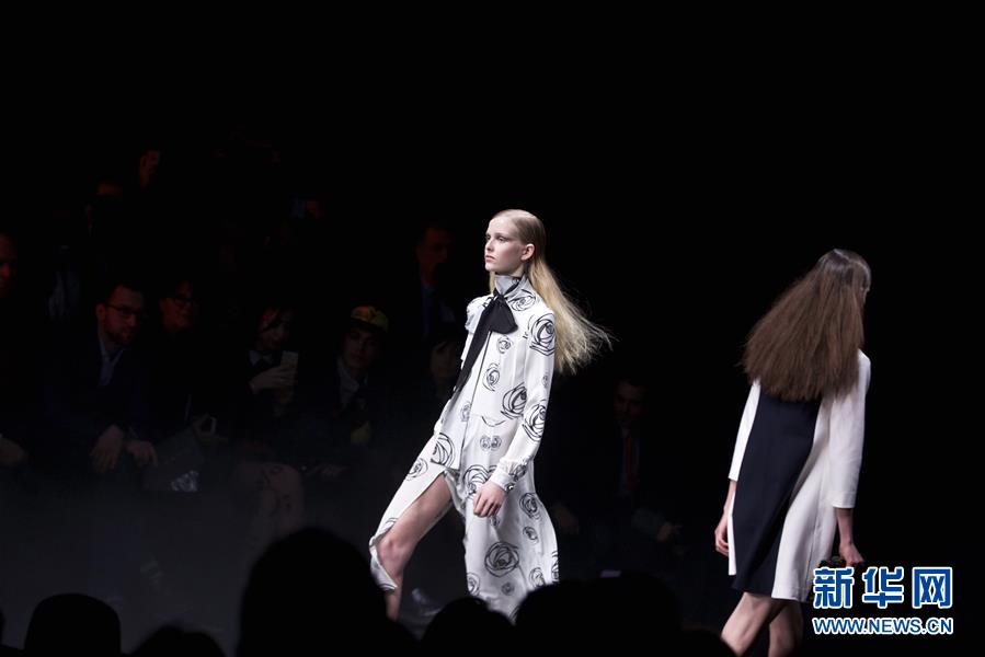2月25日,在意大利米兰,模特展示安蒂珮玛品牌服饰。 当日,安蒂珮玛品牌服饰亮相2016米兰秋冬时装周。 新华社记者金宇摄
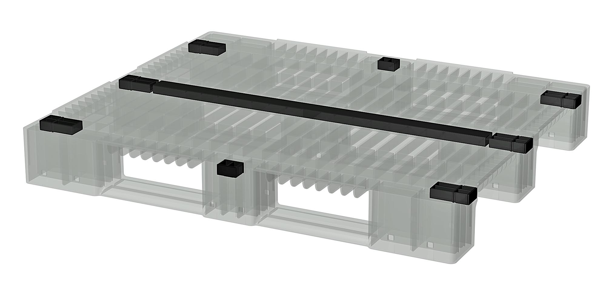 Многофункциональный поддон, производимый по технологии литья под высоким давлением с включением вспенивающего реагента. Разработан для хранения и перевозки тяжелых грузов.
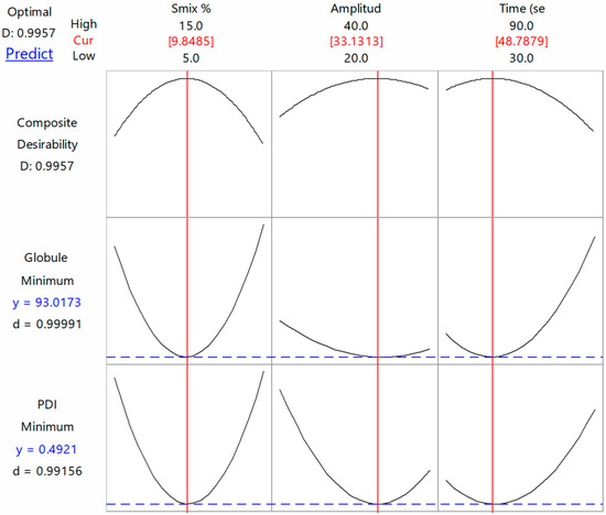 The model’s significance was determined using ANOVA, the lack of fit test, and the multiple correlation coefficient (R2) test. For a significant fit of the model to the quadratic equation, the model p-value should be less than 0.05. Data variation around the fitted value is assessed by the lack of fit test and it should be not significant (p-value > 0.05) in comparison to the pure error. The R2 value reflects the degree of variance around the mean (multiple correlation coefficient test) and it should be close to one. In addition, the numerical optimization process by means of the desirability function was employed to choose the optimum NE [37,38,39].
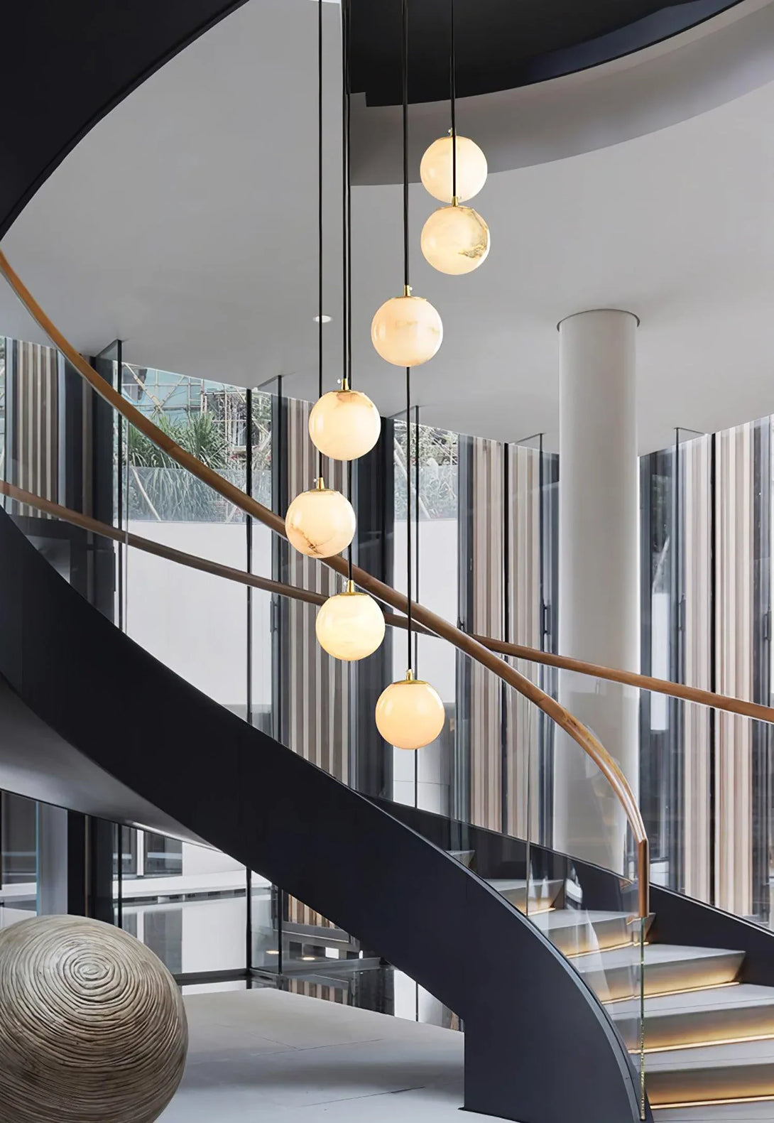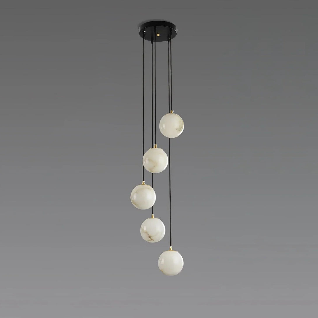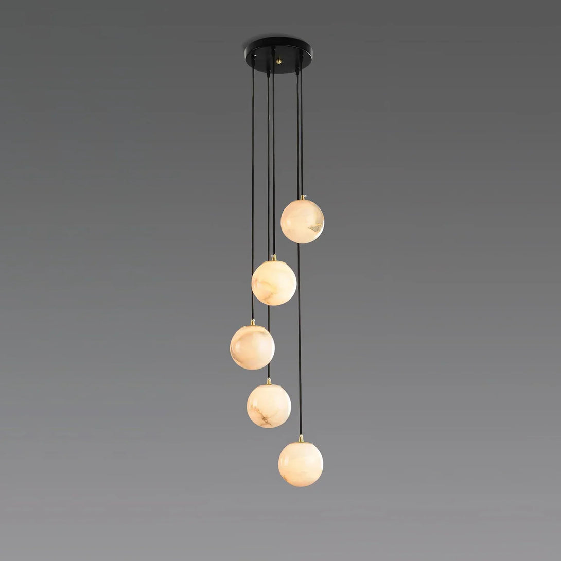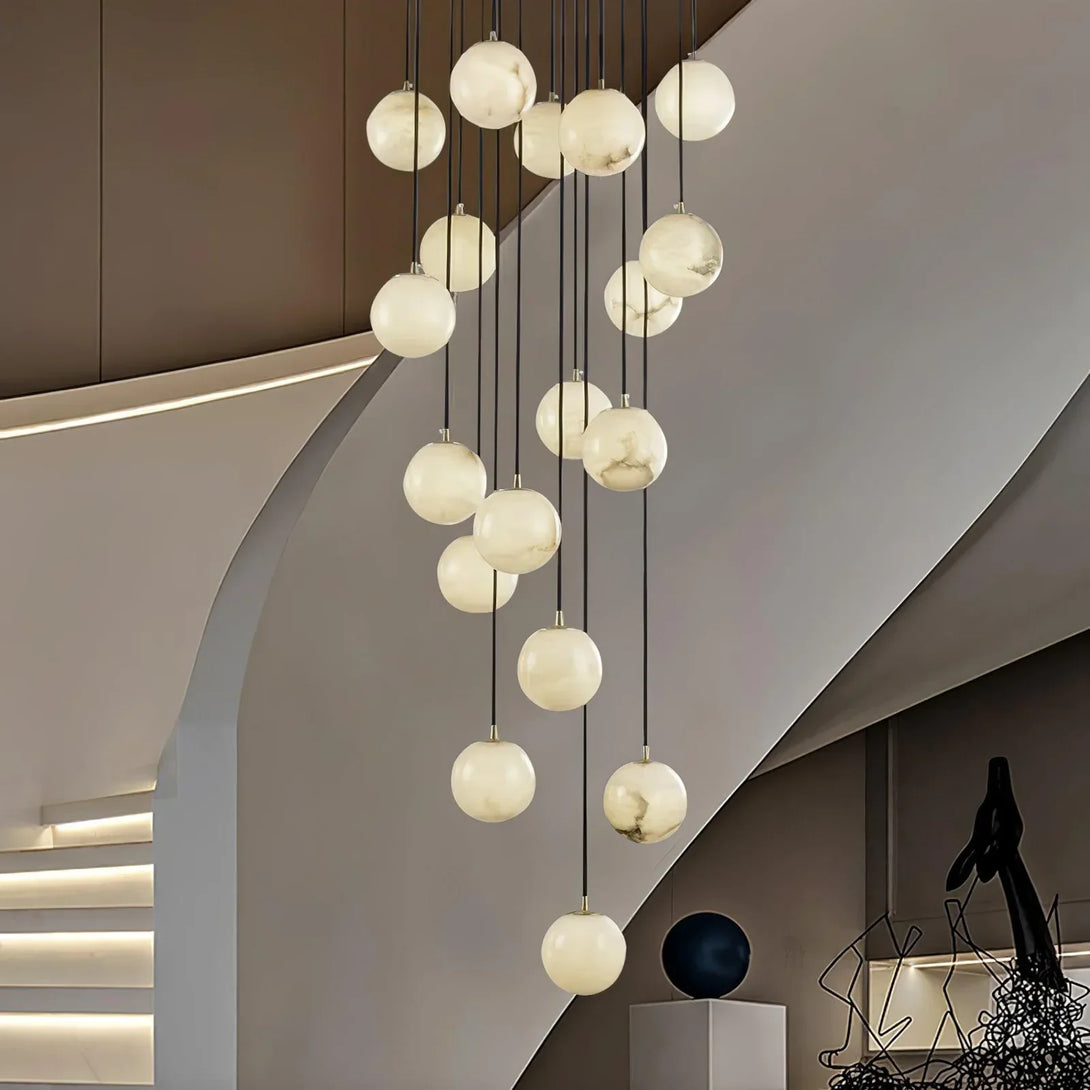 The Alabaster Balls Cluster Chandelier is a striking modern design that infuses your space with elegant sophistication. It features multiple glowing alabaster spheres arranged in layered clusters beneath a sleek circular canopy, each orb carefully crafted to emit a gentle, ambient light that cascades gracefully. This delicate chandelier serves as a stunning centerpiece, ideal for cultivating a serene and refined atmosphere. Whether lit or unlit, it offers a mesmerizing visual appeal that captures attention and sparks conversation.

WHAT YOU HAVE TO DO.
Give back exactly the lines from the line with "Многофункциональный поддон, производимый" through the end of the material above, and omit every picture.

RESPONSE TO THE EXERCISE.
 Многофункциональный поддон, производимый по технологии литья под высоким давлением с включением вспенивающего реагента. Разработан для хранения и перевозки тяжелых грузов.
 The model’s significance was determined using ANOVA, the lack of fit test, and the multiple correlation coefficient (R2) test. For a significant fit of the model to the quadratic equation, the model p-value should be less than 0.05. Data variation around the fitted value is assessed by the lack of fit test and it should be not significant (p-value > 0.05) in comparison to the pure error. The R2 value reflects the degree of variance around the mean (multiple correlation coefficient test) and it should be close to one. In addition, the numerical optimization process by means of the desirability function was employed to choose the optimum NE [37,38,39].
 The Alabaster Balls Cluster Chandelier is a striking modern design that infuses your space with elegant sophistication. It features multiple glowing alabaster spheres arranged in layered clusters beneath a sleek circular canopy, each orb carefully crafted to emit a gentle, ambient light that cascades gracefully. This delicate chandelier serves as a stunning centerpiece, ideal for cultivating a serene and refined atmosphere. Whether lit or unlit, it offers a mesmerizing visual appeal that captures attention and sparks conversation.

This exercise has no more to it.